In May 1983, the first report providing experimental evidence for an association between a retrovirus and AIDS was published (Barre-Sinoussi et al., 1983). After finding antibodies cross-reactive with HTLV-I in a homosexual patient with lymphadenopathy, a group led by Dr. Luc Montagnier isolated a previously unrecognized virus containing reverse transcriptase that was cytopathic for cord-blood lymphocytes (Barre-Sinoussi et al., 1983). This virus later became known as lymphadenopathy-associated virus (LAV). The French group subsequently reported that LAV was tropic for T-helper cells, in which it grew to substantial titers and caused cell death (Klatzmann et al., 1984a; Montagnier et al., 1984).

In 1984, a considerable amount of new data added to the evidence for a retroviral etiology for AIDS. Researchers at the National Institutes of Health reported the isolation of a cytopathic T-lymphotropic virus from 48 different people, including 18 of 21 with pre-AIDS, three of four clinically normal mothers of children with AIDS, 26 of 72 children and adults with AIDS, and one (who later developed AIDS) of 22 healthy homosexuals (Gallo et al., 1984). The virus, named HTLV-III, could not be found in 115 healthy heterosexual subjects.

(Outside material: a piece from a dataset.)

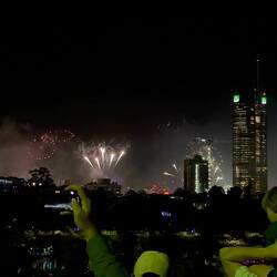 Waren heute mit Scotty und paar Freunden beim Riverfire. Da fliegt ein Jet durch die Stadt und danach gibt’s ein Feuerwerk.

Antibodies reactive with HTLV-III antigens were found in serum samples of 88 percent of 48 patients with AIDS, 79 percent of 14 homosexuals with pre-AIDS, and fewer than 1 percent of hundreds of healthy heterosexuals (Sarngadharan et al., 1984).

Shortly thereafter, the researchers found that 100 percent (34 of 34) of AIDS patients tested were positive for HTLV-III antibodies in a study in which none of 14 controls had antibodies (Safai et al., 1984b).

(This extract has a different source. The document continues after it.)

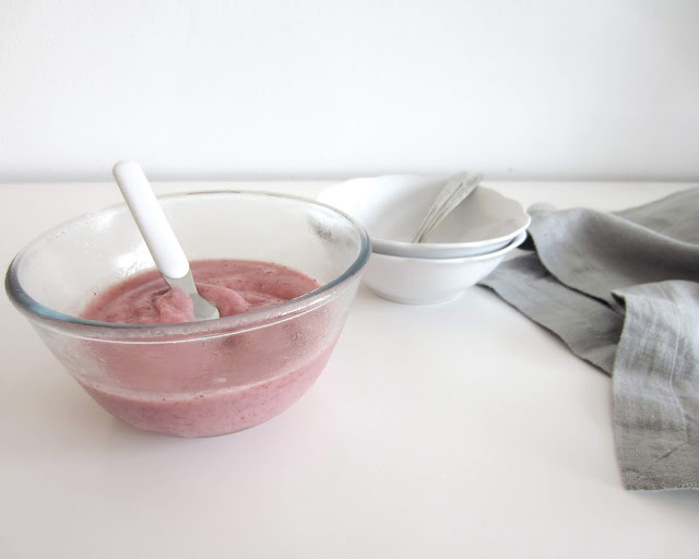 ...blíží se období sklizně jahod, tak postupně redukuji loňské zásoby v mrazáku. A na tuhle "rychlozmrzku" se u nás vždycky těšíme. Stačí na ni mít pár zmrzlých jahod v mrazáku, banán (ten nemusí být zmražený), cukr/med/sirup a smetanu, případně třeba sójové/kokosové mléko pro toho, kdo by chtěl mít zmrzku veganskou...

In a study in the United Kingdom reported later that year, investigators found that 30 of 31 AIDS patients tested were seropositive for HTLV-III antibodies, as were 110 of 124 individuals with persistent generalized lymphadenopathy (Cheingsong-Popov et al., 1984). None of more than 1,000 blood donors selected randomly had antibodies to HTLV-III in this study.

During the same time period, HTLV-III was isolated from the semen of patients with AIDS (Zagury et al., 1984, Ho et al., 1984), findings consistent with the epidemiologic data demonstrating AIDS transmission via sexual contact.

Researchers in San Francisco subsequently reported the isolation of a retrovirus they named the AIDS-associated retrovirus (ARV) from AIDS patients in different risk groups, as well as from asymptomatic people from AIDS risk groups (Levy et al., 1984). The researchers isolated ARV from 27 of 55 patients with AIDS or lymphadenopathy syndrome; they detected antibodies to ARV in 90 percent of 113 individuals with the same conditions. Like HTLV-III and LAV, ARV grew substantially in peripheral blood mononuclear cells and killed CD4+ T cells. The same group subsequently isolated ARV from genital secretions of women with antibodies to the virus, data consistent with the observation that men could contract AIDS following contact with a woman infected with the virus (Wofsy et al., 1986).

During the same period, HTLV-III and ARV were isolated from the brains of children and adults with AIDS-associated encephalopathy, which suggested a role for these viruses in the central nervous system disorders seen in many patients with AIDS (Levy et al., 1985; Ho et al., 1985).

By 1985, analyses of the nucleotide sequences of HTLV-III, LAV and ARV demonstrated that the three viruses belonged to the same retroviral family and were strikingly similar (Wain-Hobson et al., 1985; Ratner et al., 1985; Sanchez-Pescador et al., 1985). In 1986, the International Committee of Viral Taxonomy renamed the viruses the human immunodeficiency virus (HIV) (Coffin et al., 1986).